What you need to do: Word for word and without images, reproduce the listing that follows.
START Data block
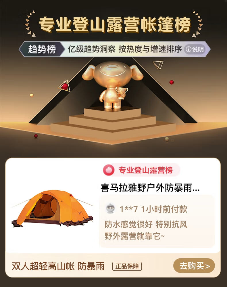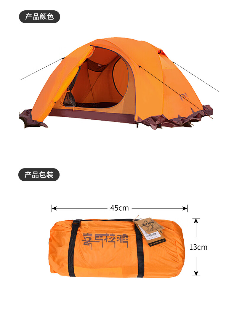 对比了很多家,也在~上做了攻略,喜马拉雅的帐篷是很专业的,买了这个三根杆加宽防暴雨的,空间感确实很大,透气性很好,小三个人的大空间,质量做工都是一流的,颜色很靓丽很好看很适合登山使用。
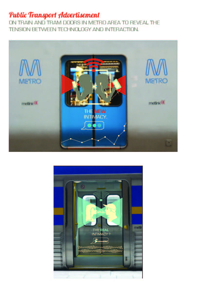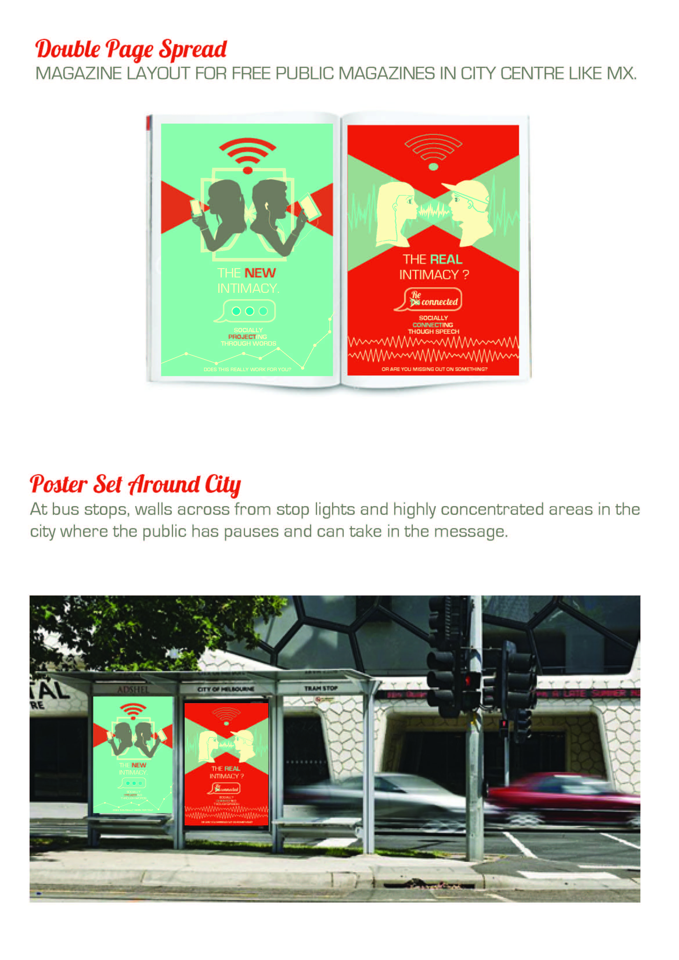 I want my campaign to be dominant in the public space, in highly condensed areas such as Melbourne city and eventually expanded elsewhere, in places where people have time to ingest the information and question their own ability to communicate on an intimate level when interacting with the hindrances that are interfering. It aims to show shared experiences we are missing out on by dispersing our attention into social networking, where we feel we are connecting on a personal level when we are closing ourselves of real life experiences. It is our individual features that makes us unique and differences that unit us, our reaction, expression, opinions and immediate responses when participating in dialogue that makes it so personal, direct and intimate. For this purpose my campaign will feature in the public eye and instigate interaction and attention in places where people are more stationary and attentive, such as train stations, public transport, in papers and within the public space. While online and media campaigns may work as support materials to create a community around the campaign to give it more depth, the first encounter will be in the streets.
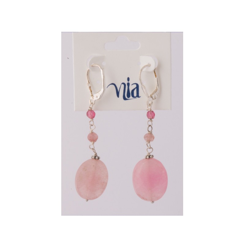 SILVER SHORT DANGLE LIGHT PINK STONE EARRING
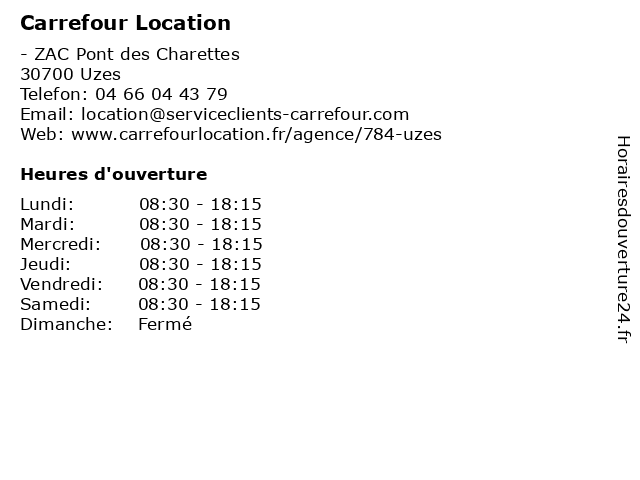 | 1 Carrefour Location (Distance: 12,49 km) - Impasse de l’Arnède Haute, 30210 Remoulins agence, carrefour, location, utilitaires, véhicules 2 Carrefour Location (Distance: 19,37 km) 1755 Avenue Pierre Mendes France, 30000 Nimes automobiles, carrefour, déménagements, location, véhicules 3 Carrefour Location (Distance: 19,82 km) 120 Galerie Marcel Sant Boulevard Kennedy, 30900 Nîmes agence, carrefour, location, utilitaires, véhicules 4 Carrefour (Distance: 0,00 km) . zac Pont des Charrettes, 30700 Uzès carrefour, hypermarche, marche, market 5 Carrefour Station Service (Distance: 0,29 km) . Pont des Charrettes, 30700 Uzes automobiles, carrefour, oil, service, services, station, stations essences 6 Carrefour Contact Marché (Distance: 17,92 km) - Rue de l'Occitanie, 30000 Nimes carrefour, contact, marché, matériel de jardin, meubles, électroménager, étagères autres offres: |
END Data block
Answer space:
 对比了很多家,也在~上做了攻略,喜马拉雅的帐篷是很专业的,买了这个三根杆加宽防暴雨的,空间感确实很大,透气性很好,小三个人的大空间,质量做工都是一流的,颜色很靓丽很好看很适合登山使用。
 I want my campaign to be dominant in the public space, in highly condensed areas such as Melbourne city and eventually expanded elsewhere, in places where people have time to ingest the information and question their own ability to communicate on an intimate level when interacting with the hindrances that are interfering. It aims to show shared experiences we are missing out on by dispersing our attention into social networking, where we feel we are connecting on a personal level when we are closing ourselves of real life experiences. It is our individual features that makes us unique and differences that unit us, our reaction, expression, opinions and immediate responses when participating in dialogue that makes it so personal, direct and intimate. For this purpose my campaign will feature in the public eye and instigate interaction and attention in places where people are more stationary and attentive, such as train stations, public transport, in papers and within the public space. While online and media campaigns may work as support materials to create a community around the campaign to give it more depth, the first encounter will be in the streets.
 SILVER SHORT DANGLE LIGHT PINK STONE EARRING
 | 1 Carrefour Location (Distance: 12,49 km) - Impasse de l’Arnède Haute, 30210 Remoulins agence, carrefour, location, utilitaires, véhicules 2 Carrefour Location (Distance: 19,37 km) 1755 Avenue Pierre Mendes France, 30000 Nimes automobiles, carrefour, déménagements, location, véhicules 3 Carrefour Location (Distance: 19,82 km) 120 Galerie Marcel Sant Boulevard Kennedy, 30900 Nîmes agence, carrefour, location, utilitaires, véhicules 4 Carrefour (Distance: 0,00 km) . zac Pont des Charrettes, 30700 Uzès carrefour, hypermarche, marche, market 5 Carrefour Station Service (Distance: 0,29 km) . Pont des Charrettes, 30700 Uzes automobiles, carrefour, oil, service, services, station, stations essences 6 Carrefour Contact Marché (Distance: 17,92 km) - Rue de l'Occitanie, 30000 Nimes carrefour, contact, marché, matériel de jardin, meubles, électroménager, étagères autres offres: |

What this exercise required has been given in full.